Okay so we first flatten the nested array. Then we can easily find the n smallest values because it is a single long array now. We can write a tiny function to identify if the value is greater than the a value and return 0 or the original otherwise.
function setval(val, cmpval, setter)
if val<cmpval
return setter
else
return val
end
end
We can then sort this flattened list. After we do that, we run an element wise map function (over each layer) and pass each element to our previous function. This will allow us to set all the required elements to 0 (or our own value) if the current value is smaller than the value we chose. This will effectively drop the value.
"""
weights = array
n = lowest nth smallest value to prune below ( aka take the nth smallest value and prune below it ) (eg: 3)
"""
function global_mag_prune(weights, n = 3, setter = 0)
temp = collect(Iterators.flatten(weights))
sort!(temp)
map.( x-> setval(x,temp[n], setter) , weights )
end
We also write a function to determine how sparse the network has become. (Aka how many zeros).
return temp2, sum(x->x==0, collect(Iterators.flatten(temp2)) , dims=1)/(size(temp)[1]*size(temp)[1])*100
Modifying the global layerwise and applying it per layer instead. To do this, we first make a copy of the weights. Then for every layer in the array, we find the least n values, take the nth value and set all the others to 0. As an edge case, if the number of elements entered is greater than the total length of the layer, then the entire layer is set to 0.
"""
weights = array
n = lowest nth smallest value to prune below ( aka take the nth smallest value and prune below it ) (eg: 3)
"""
function layer_mag_prune(weights, n = 3, setter = 0)
backup = deepcopy(weights)
for layer in 1:length(weights)
sort!(backup[layer])
if n>length(weights[layer])
n = length(weights[layer])
end
backup[layer] = map.( x-> setval(x,weights[layer][n], setter) , weights[layer] )
end
return backup, sum(x->x==0, collect(Iterators.flatten(backup)) , dims=1)/(size(weights)[1]*size(weights)[1])*100
end
For this we would need to compute the gradient of the weights so far. Well, how about I just use a random array as proof of concept so to speak. So we basically take the previous code and change the inital part to being a product of the weights and the gradient.

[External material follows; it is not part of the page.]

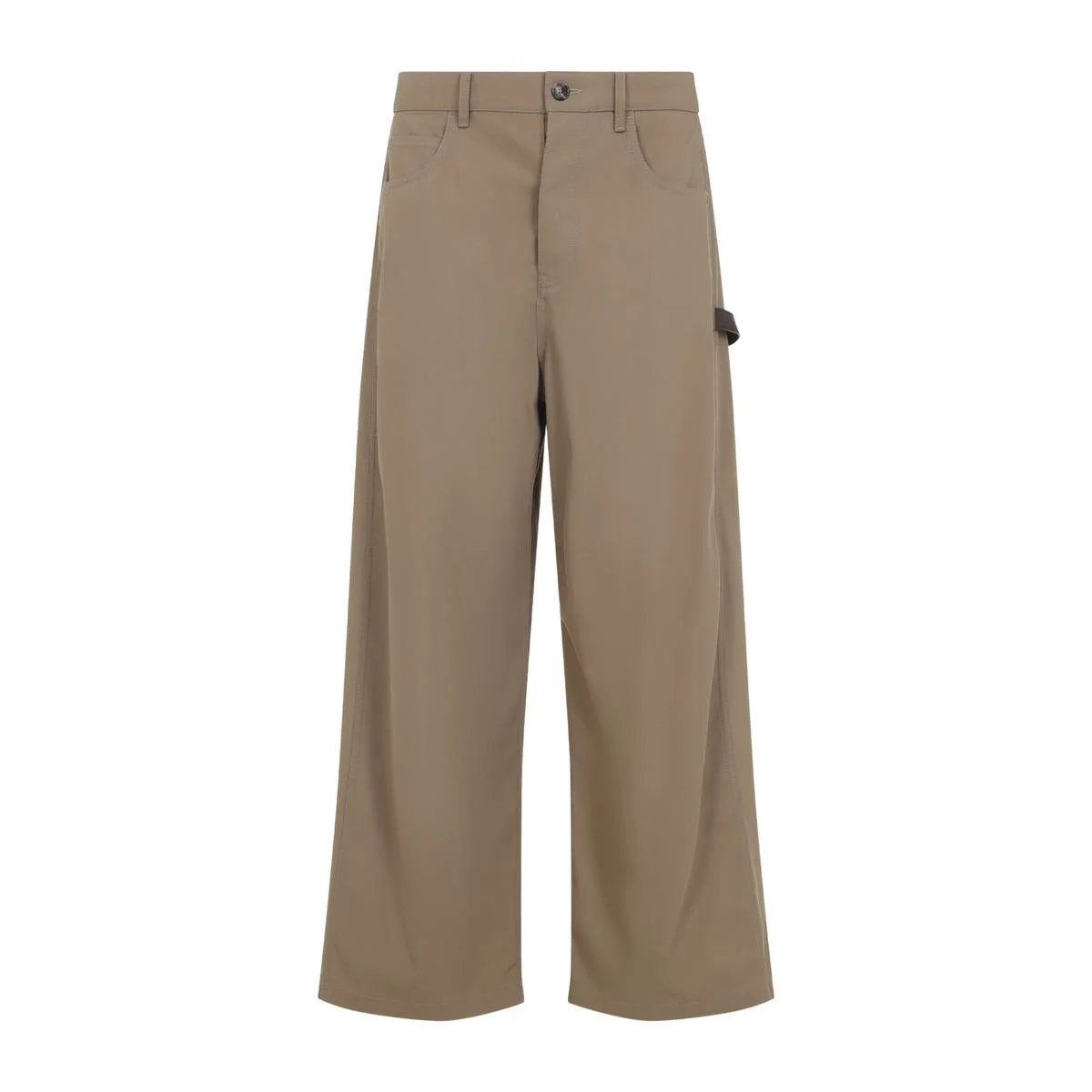 Loewe Carpenter Beige Cotton Pants. Beige cotton twill, front button and fly-zip fastening, mid-waist, 5-pockets design, brown leather hammer loop detail, curved leg, relaxed fit. Gender: Men Material: 95%COTTON 5%CALF SKIN Color: Beige Made in: Italy Product ID: H526Y04WHB_2140 *Import tax/duty will be calculated at checkout (If applicable)

function global_grad_prune(weights, n = 3, setter = 0)
temp = weights*rand(size(weights))
temp = collect(Iterators.flatten(weights))
sort!(temp)
temp2 = map.( x-> setval(x,temp[n], setter) , weights )
return temp2, sum(x->x==0, collect(Iterators.flatten(temp2)) , dims=1)/(size(temp)[1]*size(temp)[1])*100
end
"""
weights = array
n = lowest nth smallest value to prune below ( aka take the nth smallest value and prune below it ) (eg: 3)
"""
function layer_grad_prune(weightsnew, n = 3, setter = 0)
weights = deepcopy(weightsnew)*rand(size(weightsnew))
backup = deepcopy(weights)
for layer in 1:length(weights)
sort!(backup[layer])
if n>length(weights[layer])
n = length(weights[layer])
end
backup[layer] = map.( x-> setval(x,weights[layer][n], setter) , weights[layer] )
end
return backup, sum(x->x==0, collect(Iterators.flatten(backup)) , dims=1)/(size(weights)[1]*size(weights)[1])*100
end
For this we first take the number of values to prune by identifying the total size of the weights and then multiplying it by the fraction of values to remove. We then flatten the array, set the values we do not need to 0 and then reshape back to the original shape.
"""
frac = percentage of values to remove
"""
function random_prune(weights, frac = .3, setter = 0)
num_prune = Int(round(frac*(size(weights)[1]*size(weights)[1])))
@info num_prune
backup = collect(Iterators.flatten(deepcopy(weights)))
backup[rand(1:length(backup), num_prune)] .= 0
@info size(weights)
return reshape(backup, size(weights))
end
That ends our little journey into pruning. Wow that took longer then expected. I should go sleep.